VISITING Scotland’s historic homes may soon do more than expand your knowledge of the nation’s heritage – it could also improve your health.
The National Trust for Scotland has installed cutting-edge infrared heaters in one of its Victorian properties and says it is considering putting them into more of its buildings.
The £5,000 heating system, which is concealed behind mirrors to stop it spoiling the looks of historic buildings, is part of a joint energy efficiency project being undertaken with Historic Scotland. The system has been installed initially at Scotstarvit Cottage, an NTS property in Fife.
Instead of heating the air, infrared systems heat solid objects such as walls, furniture and human beings. Supporters claim the system is more efficient and less costly and also has additional benefits. Far Infrared technology has been used as “heat therapy” for athletes as pre-workout warm-ups to warm up muscles and increase flexibility, and has also been used to soothe sore muscles and joints after a workout. Research suggests it can also help to reduce allergies and asthma.
Bryan Dickson, head of buildings at the National Trust for Scotland, said: “Scotstarvit Cottage had recently been vacated, after providing a home to a long-term tenant, and provided the National Trust for Scotland, with support from Historic Scotland, the opportunity to complete an extensive fabric upgrade to improve the energy efficiency of the property and bring it up to 21st-century standards. The cottage is providing us with a test bed to explore a number of new innovations which will hopefully help lay the way for future upgrades across our buildings.”
Scotstarvit Cottage sits next to the Category A listed Scotstarvit Tower, a six-storey ancient monument between the communities of Cupar and Ceres. It was originally constructed in the 14th century and is renowned as the home of Sir John Scot, author of a satirical work called Scot of Scotstarvit’s Staggering State Of The Scots Statesmen.
The adjacent Victorian-era cottage is to be let to a long-term tenant once renovation work is completed and is thought to have once served as a kitchen for the tower.
Far Infrared is acknowledged as a natural and harmless form of heating that is actually beneficial to the human body – the body is designed to absorb infrared energy. The systems have proved particularly popular in Germany and Japan.

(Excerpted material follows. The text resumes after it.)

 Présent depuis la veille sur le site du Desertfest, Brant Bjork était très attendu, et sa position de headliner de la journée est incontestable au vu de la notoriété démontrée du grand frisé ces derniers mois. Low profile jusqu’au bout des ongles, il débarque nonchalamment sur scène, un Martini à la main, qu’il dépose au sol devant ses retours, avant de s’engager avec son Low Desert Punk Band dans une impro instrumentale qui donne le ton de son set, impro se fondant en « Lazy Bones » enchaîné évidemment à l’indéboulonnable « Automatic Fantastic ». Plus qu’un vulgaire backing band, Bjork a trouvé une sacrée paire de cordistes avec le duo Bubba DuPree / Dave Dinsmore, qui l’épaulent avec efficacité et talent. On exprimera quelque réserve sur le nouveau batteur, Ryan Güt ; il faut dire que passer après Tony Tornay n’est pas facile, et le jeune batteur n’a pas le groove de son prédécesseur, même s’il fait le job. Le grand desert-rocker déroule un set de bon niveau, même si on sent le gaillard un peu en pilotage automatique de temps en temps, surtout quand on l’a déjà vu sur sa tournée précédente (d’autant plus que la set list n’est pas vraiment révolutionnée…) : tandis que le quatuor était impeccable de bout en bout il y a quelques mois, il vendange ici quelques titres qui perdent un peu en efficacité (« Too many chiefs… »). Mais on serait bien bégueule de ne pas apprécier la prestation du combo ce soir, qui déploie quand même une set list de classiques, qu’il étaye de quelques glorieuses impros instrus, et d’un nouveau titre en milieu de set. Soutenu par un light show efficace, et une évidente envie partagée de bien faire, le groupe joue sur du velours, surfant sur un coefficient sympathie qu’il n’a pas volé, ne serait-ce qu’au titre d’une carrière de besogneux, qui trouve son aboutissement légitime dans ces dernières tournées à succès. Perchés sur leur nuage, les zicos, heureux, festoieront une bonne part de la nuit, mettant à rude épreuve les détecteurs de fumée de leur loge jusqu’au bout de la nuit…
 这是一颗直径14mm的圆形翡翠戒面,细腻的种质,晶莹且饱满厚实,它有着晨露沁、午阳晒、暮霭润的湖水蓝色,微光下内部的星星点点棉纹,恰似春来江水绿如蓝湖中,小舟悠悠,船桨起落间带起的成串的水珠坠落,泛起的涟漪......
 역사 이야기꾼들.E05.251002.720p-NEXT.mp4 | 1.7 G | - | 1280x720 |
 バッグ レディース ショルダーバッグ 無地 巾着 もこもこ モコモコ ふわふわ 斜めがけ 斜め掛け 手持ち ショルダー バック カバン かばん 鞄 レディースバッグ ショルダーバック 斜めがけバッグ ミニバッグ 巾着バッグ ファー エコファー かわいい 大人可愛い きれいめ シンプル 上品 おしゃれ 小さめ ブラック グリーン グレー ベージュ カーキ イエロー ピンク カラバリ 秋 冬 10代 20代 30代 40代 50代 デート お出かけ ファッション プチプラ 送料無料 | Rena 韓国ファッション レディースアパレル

The technology works by using infrared rays to flood an entire room with warmth, which is then absorbed into all the materials within the room, including the walls, ceiling and floor.
To avoid criticism that the heaters detract from the authentic look of an old building, they can be designed to look like mirrors or take the shape of a favourite picture or image.
Jessica Snow, senior technical officer at Historic Scotland, said: “This is a very exciting project for Historic Scotland to be part of, especially with this being the first system of its kind to be installed in an historic property.
“We’re carrying out a range of ongoing upgrade trials to traditional properties of all types in Scotland to develop simple and cost-effective solutions that are suitable for older buildings, including historic properties.
“Scotstarvit Cottage has been comprehensively upgraded, including wall, roof and floor insulation, and secondary glazing. To complete the refurbishment, we were keen to see the existing oil-fired boiler and heating system replaced with a more energy and cost effective alternative.”
The NTS, she added, had been looking for ways to keep residents and visitors warm without relying on heating that circulated hot air. “We are hopeful that the radiant heating will reduce the energy bills without wasting energy by heating the air space.”
Ged Smith, managing director at Direct Savings based in Livingston, which installed the heaters and has sole UK distribution rights for the Infranomic Far Infrared system, said: “As a nation we’re hooked on traditional gas, oil and electric heating systems, which are a legacy from last century’s efforts to heat poorly insulated homes and buildings.
“Now that we are able to properly insulate most homes, these convection heating systems are shown up as costly and inefficient. Infranomic heaters are the next generation, offering a far more efficient and controllable heating. I believe these heaters can make a difference in both modern and historical properties.
“We’re installing nine heaters at Scotstarvit Cottage and I’m looking forward to seeing how they will benefit the cottage in terms of reducing costs, creating a healthier environment and improving the comfort for new tenants in the property.”
The charitable National Trust for Scotland owns some of the most famous historic buildings in Scotland, including Culzean Castle in Ayrshire, Mar Lodge in Grampian and Bute House, the First Minister’s residence in Charlotte Square in Edinburgh. Historic Scotland is the government’s guardian of a range of castles and ancient monuments.